Relations have several key advantages over spreadsheets. Writing SQL code in a computational notebook like Jupyter naturally produces a data lineage. Someone who opens the notebook can see the input files for the notebook and how the data were changed. Spreadsheets do not make a data lineage visible; if a person manually edits data values in a cell, it is difficult for future users to see which values were manually edited or how they were edited. Relations can also handle larger datasets than spreadsheets; users can use SQL systems to work with huge datasets that would be very hard to load into a spreadsheet.

### 1.13.3 Relations and Matrices
A matrix is a two-dimensional array of data used primarily for linear algebra operations.

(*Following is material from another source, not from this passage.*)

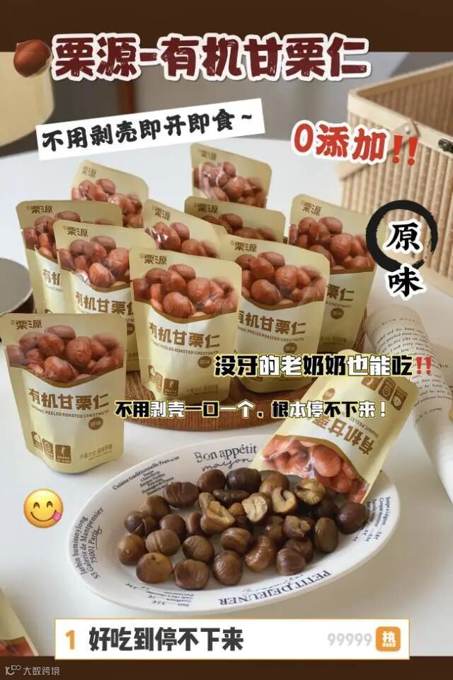 ▫️一口气能吃几包的零食 即食板栗仁真的是懒人之光打开就能吃!原汁原味小小的一包,分量刚刚好解馋 又不用担心一下子控制不住吃太多- 己经列入冬日必囤零食清单 健康小零食/板栗爱好者必买 是真正健康营养的绿色食品

In the example below, \( \mathbf{X} \) is a matrix with three rows and two columns.

\[\begin{split} \begin{aligned} \mathbf{X} = \begin{bmatrix} 1 & 0 \\ 0 & 4 \\ 0 & 0 \\ \end{bmatrix} \end{aligned} \end{split}\]
Matrices are mathematical objects defined by the operators that they allow. For instance, matrices can be added or multiplied together. Matrices also have a transpose. These operators have very useful properties which data scientists rely on for statistical modeling.

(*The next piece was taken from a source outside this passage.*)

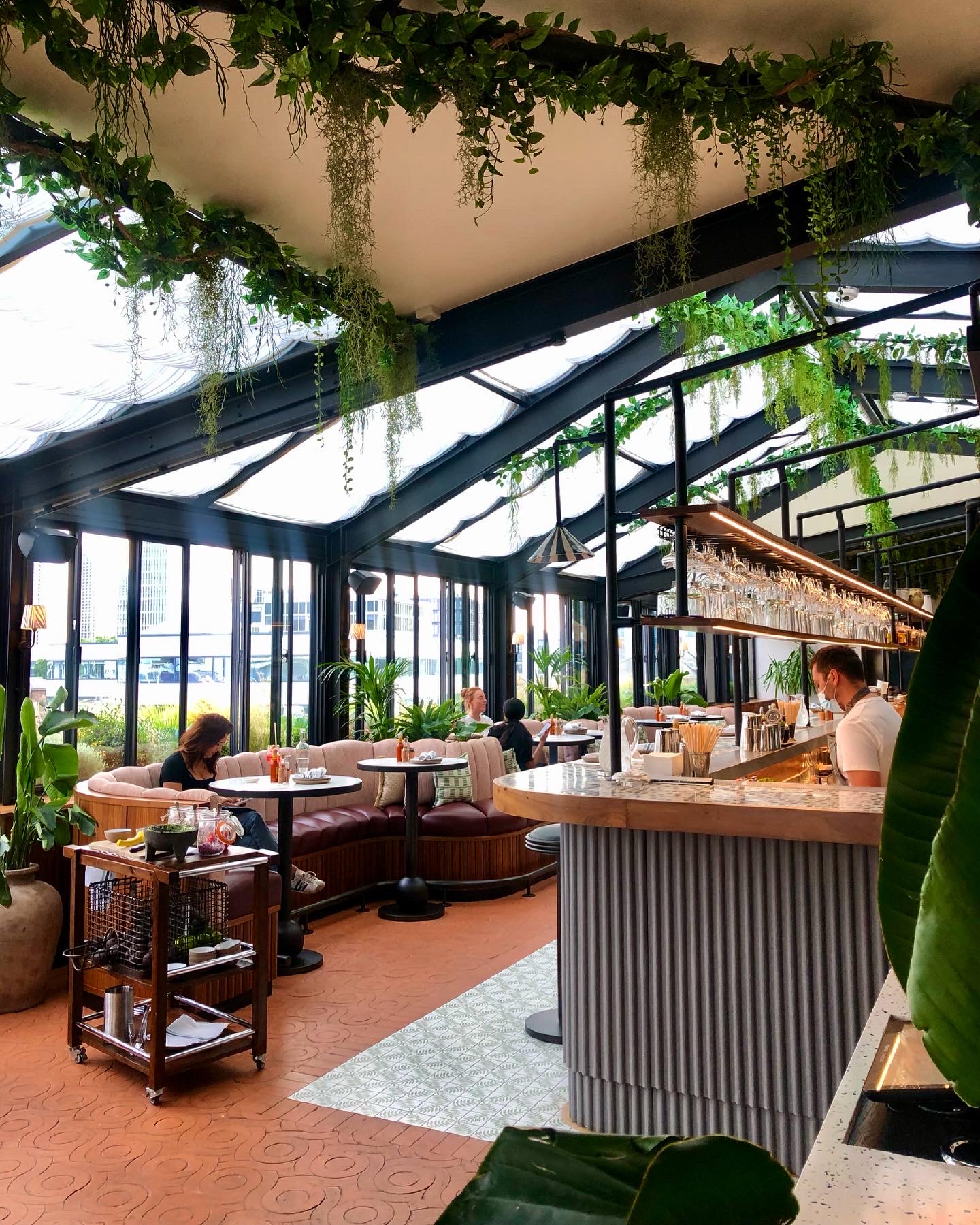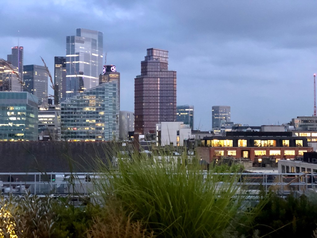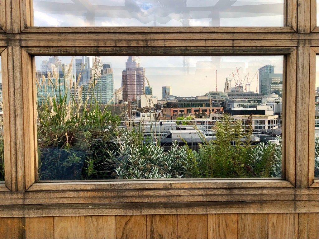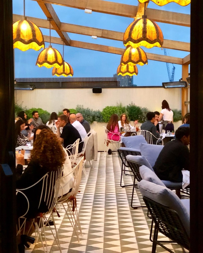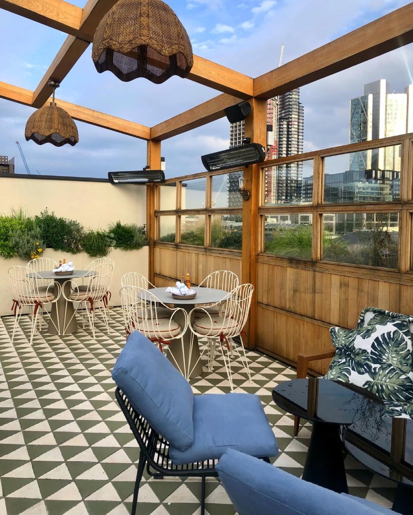 On a sunny evening, the outdoor terrace feels like a hidden place to be – the entrance is tucked away behind Great Eastern Street through a discrete green door with a great big handle. Requiring navigation to the 7th-floor rooftop, once you’ve made it up the view and décor at the top is worth it: bohemian greenery outside breaks up the industrial-styled setting on the outdoor terrace. The inside is equally attractive, encased by a glass structure with a concrete and terrazzo bar and a mix of low-level lounge seating, booths and dining tables.

One important difference between a matrix and a relation: when treated as a mathematical object, matrices can only contain numbers. Relations, on the other hand, can also have other types of data like text. This makes relations more useful for loading and processing real-world data which may contain all kinds of data types.

### 1.13.4 Relations and Dataframes

Dataframes are one of the most common ways to represent data tables in general purpose programming languages like Python and R. Dataframes share many similarities with relations; both use rows to represent records and columns to represent features. Both have column names, and data within a column have the same type.

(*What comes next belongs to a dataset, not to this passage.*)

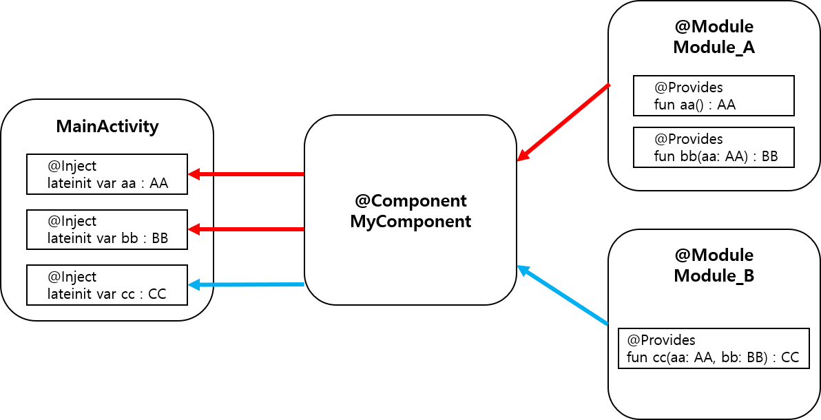 fun provideBB(aa: AA) : BB = BB(aa) // 필요한 인자(AA)를 Component로 부터 전달받아 BB 객체를 생성해서 Component에게 제공

One key advantage of dataframes is that they don’t require rows to represent records and columns to represent features. Many times, raw data don’t come in a convenient format that can directly be put into a relation. In these scenarios, data scientists use the dataframe to load and process data since dataframes are more flexible in this regard. Often, data scientists will load raw data into a dataframe, then process the data into a format that can easily stored into a relation.

One key advantage that relations have over dataframes is that relations are used by relational database systems like PostgreSQL 1 that have highly useful features for data storage and management. Consider a data scientist at a company that runs a large social media website. The database might hold data that is far too large to read into a pandas dataframe all at once; instead, data scientists use SQL queries to subset and aggregate data since database systems are more capable of handling large datasets. Also, website users constantly make updates to their data by making posts, uploading pictures, and editing their profile. Here, database systems let data scientists reuse their existing SQL queries to update their analyses with the latest data rather than having to repeatedly download large CSV files.

For a more rigourous description of the difference between dataframes and relations, see [Petersohn et al., 2020].